The Central Board of Direct Taxes (‘CBDT’) on March 31, 2026, issued two Notifications, making amendments to the Indian Income-tax Rules, 1962 (‘1962 Rules’) and the Income-tax Rules, 2026 (‘2026 Rules’), to restore the grandfathering of investments made prior to April 1, 2017, and excluding the applicability of the General Anti-Avoidance Rule (‘GAAR’) in respect of such investments. The present alert captures the legal position pre and post the Notifications issued by the CBDT.

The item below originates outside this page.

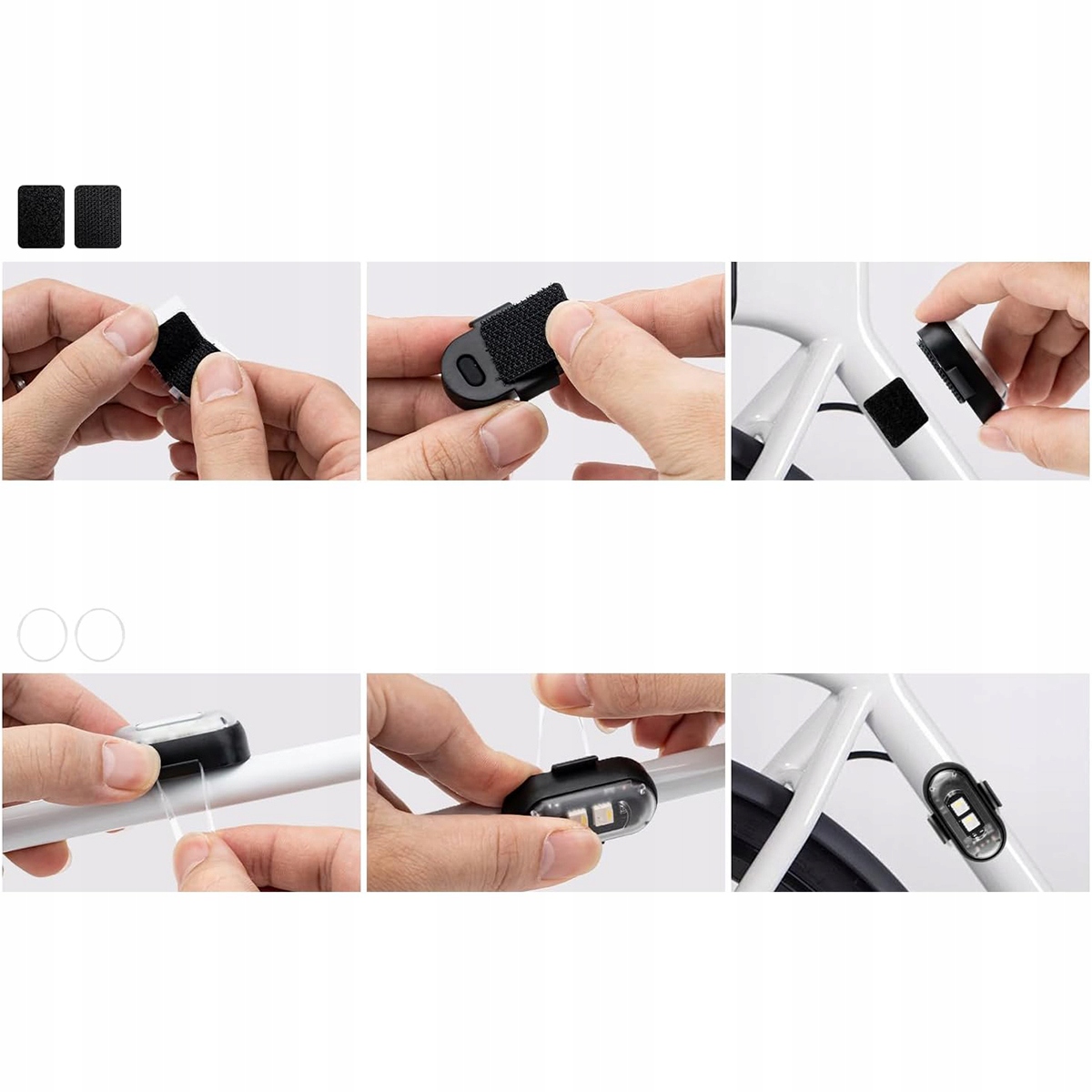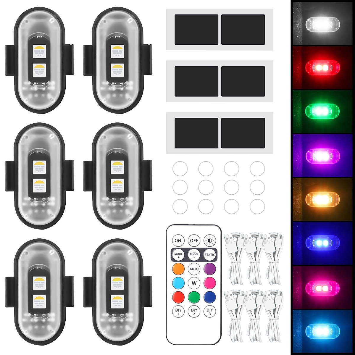 6 lamp stroboskopowych LED, 1 pilot zdalnego sterowania, 12 gumowych pierścieni, 6 naklejek z rzepem, 6 kabli USB do ładowania i 1 instrukcja obsługi.

Legal Position Prior to SC’s Decision in AAR vs. Tiger Global International II Holdings[1]:
i. India codified the doctrine of ‘substance over form’ by introducing the GAAR under Chapter X-A of the Indian Income-tax Act, 1961 (‘1961 Act’), effective for Assessment Year 2018-19 onwards. GAAR vested sweeping powers with the Revenue to declare an arrangement as an ‘impermissible avoidance arrangement’ and, consequently, deny a ‘tax benefit’, including a benefit under an applicable Double Taxation Avoidance Agreement (‘DTAA’);
ii. The 1961 Act and the 1962 Rules provided for certain exceptions from the applicability of GAAR. For instance, gains arising from transfer of investments made before April 1, 2017[2] were specifically kept outside the scope of GAAR and thus, were grandfathered; and
iii. However, GAAR could still be applied to an ‘arrangement’ put in place before April 1, 2017, that yielded a tax benefit on or after April 1, 2017.[3] Having regard to the construct of the 1961 Act and the 1962 Rules, the interpretation that prevailed was that GAAR applied to all cases, except cases involving transfer of an investment made before April 1, 2017.

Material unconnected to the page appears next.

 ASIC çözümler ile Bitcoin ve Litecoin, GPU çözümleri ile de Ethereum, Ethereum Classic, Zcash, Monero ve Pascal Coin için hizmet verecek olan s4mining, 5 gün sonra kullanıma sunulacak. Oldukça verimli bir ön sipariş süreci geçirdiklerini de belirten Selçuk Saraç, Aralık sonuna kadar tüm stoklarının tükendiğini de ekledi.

Legal Position in Tiger Global:
i. The interpretation above was negated by the Supreme Court (‘SC’) in Tiger Global, which was pronounced on January 15, 2026;
ii. The SC observed that GAAR can be invoked even where the investment pre-dates April 1, 2017, irrespective that the exit may be post April 1, 2017. Further, the SC observed that GAAR was applicable in all cases where a tax benefit is obtained after April 1, 2017; and
iii. Hence, as a result of Tiger Global, investments made before April 1, 2017 were not shielded from scrutiny under GAAR.
Current Legal Position:
i. With effect from April 1, 2026, the 1961 Act and 1962 Rules stand repealed and substituted by the Income-tax Act, 2025 (‘2025 Act’) and the 2026 Rules, respectively;
ii. Even though the provisions relating to GAAR were retained in their original format in the first instance, recently, on March 31, 2026, the CBDT issued two Notifications[4] (‘Notifications’), amending the language of the exception from the applicability of GAAR, both under the 1962 Rules and the 2026 Rules. The 1962 Rules were amended since the 2025 Act contains a ‘Repeal and Savings’ clause under Section 536, in respect of all pending proceedings; and
iii. By way of the Notifications, it has now been clarified that GAAR will not apply in cases involving investments made before April 1, 2017. Consequently, all investments made before April 1, 2017, and transfer of which happens after such date are shielded from scrutiny under GAAR, thereby, reinforcing grandfathering of investments made prior to April 1, 2017. Be that as it may, on account of the various observations in Tiger Global, it would still be open to the Revenue to invoke the judicially developed doctrine of ‘substance over form’, or Limitation of Benefit clause/ Specific Anti-Avoidance Rule contained in an applicable DTAA, to deny any tax benefit de hors of the inapplicability of GAAR. Given the decision of the SC, the position which remains is that a Tax Residency Certificate by itself would not be sufficient for claiming any benefit under an applicable DTAA.
[1] [2026] 485 ITR 214 (Supreme Court).
[2] Rule 10U(1)(d) of the 1962 Rules.
[3] Rule 10U(2) of the 1962 Rules.
[4] Notification No. 54/2026/F. No. 370142/15/2026-TPL, amending the 1962 Rules and Notification No. 55/2026/F. No. 370142/15/2026-TPL, amending the 2026 Rules.